Week 4: Hypothesis Testing

POP88162 Introduction to Quantitative Research Methods

Tom Paskhalis

Department of Political Science, Trinity College Dublin

So Far

The goal of collecting data is usually to calculate statistics which can be used to infer parameters of a population.
Variables can be measure on different scales, which determine which statistics are applicable.
Measures of central tendency describe a typical case in our data.
Measures of variability show how far away from a typical case are other observations.
For discrete random variables we can calculate point probability of getting specific values.
For continuous random variables we can only estimate the probability of a value falling within some interval.

Topics for Today

Sampling distributions
Central Limit Theorem
Confidence intervals
Null and alternative hypotheses
Significance testing

Today’s Plan

graph LR
    A(Sample) --> B(Point<br>Estimate) --> C(Interval<br>Estimate) --> D(Hypothesis<br>Testing)

Review: Normal Probability Distribution

The most important probability distribution.
As it:
- Approximates the distribution of many variables in the real world.
- Is used a lot in inferential statistics.
It is symmetric, bell-shaped and fully described by its mean \(\mu\) and variance \(\sigma^2\).
Can also be called normal distribution for short.
We can denote it as: \[Y \sim N(\mu, \sigma^2)\] “\(Y\) is distributed according to a normal distribution with mean \(\mu\) and variance \(\sigma^2\).”

Review: Normal Probability Distribution

Example: Climate Change

IPCC - Intergovernmental Panel on Climate Change

Sampling

From Sample to Population

We know how to describe some variable in a sample.
But we are not typically interested in learning about a sample.
What we really want to know is:
- Whether these characteristics of a variable or an association between variables are true in the population.

flowchart LR
    A((Population))
    B((Sample))
    A-- Probability -->B
    B-- Inference -->A

Survey Research

Wikipedia

Not Survey Research

X (Twitter)

Sampling Bias

Sketchplanations

Example: 2016 UK EU Referendum

On 23 June 2016 \(51.89\%\) of 🇬🇧 voters cast their ballots in favour of leaving the 🇪🇺 and \(48.11\%\) voted to remain.
Between 14 April and 4 May 2016 British Election Study (BES) conducted Wave 7 of its internet panel.
This study included \(30,895\) respondents, of whom \(28,044\) provided answer to the question: “If there was a referendum on Britain’s membership of the European Union, how do you think you would vote?”
- \(14,352\) - Stay in the EU
- \(13,692\) - Leave the EU
In other words, \(51.2\%\) of the respondents favoured remaining and \(48.8\%\) leaving.
How certain can one be that in the population less than \(50\%\) of voters favour Leave?

Source

Fieldhouse et al. (2016), Hobolt (2016)

Point Estimation

Point estimate provides a single ‘best guess’ about the population parameter.
Examples of quantities of interest:
- \(\mu = E(Y)\), the population mean
- \(\sigma^2 = Var(Y)\), the population variance
- \(\mu_1 - \mu_0 = E[Y(1)] - E[Y(0)]\), the difference between two groups
In 🇬🇧 🇪🇺 referendum example we are interested in the proportion of voters who support Leave.

Estimating Parameters

How do we estimate the population parameter of interest?
Using estimators.
There are many different possible esimators. E.g.:
- \(\bar{Y}\), the sample proportion of voters supporting Leave
- \(Y_1\), just use the first observation
- \(0.5\), always guess \(50\%\) support
Note that sample proportion is the same as the sample mean: \[\bar{Y} = \frac{\sum_{i = 1}^{n}{Y_i}}{n} = \frac{\text{# of respondents supporting Leave}}{n}\]
Sample proportion is on average equal to the population proportion (unbiased estimator).
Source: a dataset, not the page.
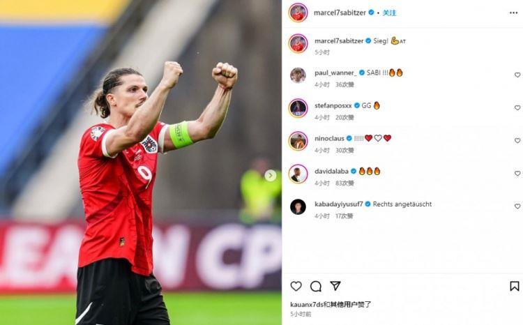 奥地利在本轮欧洲杯3-1力克波兰,几位核心球员也在赛后齐齐晒照庆祝胜利。

Inference for UK EU Referendum

The total number of eligible voters in the 🇬🇧 was \(46.5\) million.
The study collects responses from \(28,044\) people.
How sure can one be in the accuracy of the results in this sample?
Let’s outline the statistical way of thinking about it:
- Suppose in the population the true percentage of pro-Leave voters is \(50\%\).
- How likely we are to get a point estimate of \(48.8\%\) in a sample?
- Note that we can formulate this question either relative to pro-Leave or pro-Remain voters.
- Here we will denote pro-Leave voters with \(1\) and pro-Remain with \(0\).

Simulating Sample

Let’s start by creating our population and then drawing one sample from it.
We will simulate the entire process in R.

voters <- c(rep(1, 46500000/2), rep(0, 46500000/2)) # Create population

voters <- sample(voters, length(voters)) # Shuffle voters

sample_voters <- sample(voters, 28044) # Draw a random sample of 28,044

prop.table(table(sample_voters)) # Calculate the proportions of Leave/Remain

sample_voters
        0         1 
0.4996434 0.5003566

prop.table(table(sample_voters))[2] # Select the proportion of pro-Leave voters

        1 
0.5003566

Simulating Sample Continued

Now let’s repeat drawing a sample \(1,000\) times.
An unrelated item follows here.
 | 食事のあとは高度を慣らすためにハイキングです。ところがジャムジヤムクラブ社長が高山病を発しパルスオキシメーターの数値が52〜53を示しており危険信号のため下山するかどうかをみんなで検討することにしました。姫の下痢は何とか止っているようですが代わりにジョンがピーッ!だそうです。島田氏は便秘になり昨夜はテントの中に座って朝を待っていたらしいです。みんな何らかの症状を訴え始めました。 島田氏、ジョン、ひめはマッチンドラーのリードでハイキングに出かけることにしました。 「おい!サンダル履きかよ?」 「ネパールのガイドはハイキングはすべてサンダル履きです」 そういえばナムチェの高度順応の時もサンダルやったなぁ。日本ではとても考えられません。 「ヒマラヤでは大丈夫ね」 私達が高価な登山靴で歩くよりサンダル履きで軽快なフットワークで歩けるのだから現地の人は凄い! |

# Draw a sample of 28,044 from the population of UK voters 1000 times
samples_voters <- sapply(1:1000, function(x) prop.table(table(sample(voters, 28044)))[2])

hist(samples_voters)

Nearly all of the simulated sample proportions fall between \(0.49\) and \(0.51\).
How unusual would it be to observe that \(48.8\%\) of voters in a sample favour Leave?

Sampling Distribution

Sample statistic (e.g. sample mean) is itself a random variable.
Each sample gives its own sample mean.
Sampling distribution is a probability distribution that assigns probabilities to values that a statistic can take.
E.g. sampling distribution of a sample mean, sampling distribution of a sample proportion, etc.
Sampling distribution helps us predict how close our sample statistic is to the population parameter we estimate.
Each sample statistic has a sampling distribution.
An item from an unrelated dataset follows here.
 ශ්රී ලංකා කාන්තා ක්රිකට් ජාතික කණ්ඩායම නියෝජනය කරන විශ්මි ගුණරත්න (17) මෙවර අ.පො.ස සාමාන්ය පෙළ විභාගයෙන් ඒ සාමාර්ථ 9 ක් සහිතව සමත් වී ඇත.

Sampling Distribution of Sample Mean

Sample mean \(\bar{Y}\) is a random variable.
For random samples it varies around the population mean \(\mu_{Y}\).
The mean of the sampling distribution of \(\bar{Y}\) equals \(\mu_{Y}\).
Standard error is the standard deviation of the sampling distribution of \(\bar{Y}\) \[\sigma_{\bar{Y}} = \frac{\sigma}{\sqrt{n}}\]
Sampling distribution of a sample mean is a normal distribution with mean \(\mu\) and standard error \(\sigma_{\bar{Y}}\).
Note that the larger the sample size \(n\), the smaller is the standard error.
In other words, our estimate of population mean gets more precise.

Central Limit Theorem

For random sampling with large sample sizes, the sampling distribution of the sample mean is approximately a normal distribution.
Central Limit Theorem (CLT) applies no matter what the shape of the population distribution is.
How large the sample size \(n\) must be depends on how skewed or irregular the population distribution is.
If the population distribution is bell-shaped than the sampling distribution is bell-shaped for all sample sizes.
CLT can be proved mathematically, but we will verify it by looking at an illustration of a simulation.

Central Limit Theorem

Confidence Intervals

Interval estimates

A point estimate is our best guess about the population parameter.
However, we want to be able to assess how good (accurate) our point estimate is.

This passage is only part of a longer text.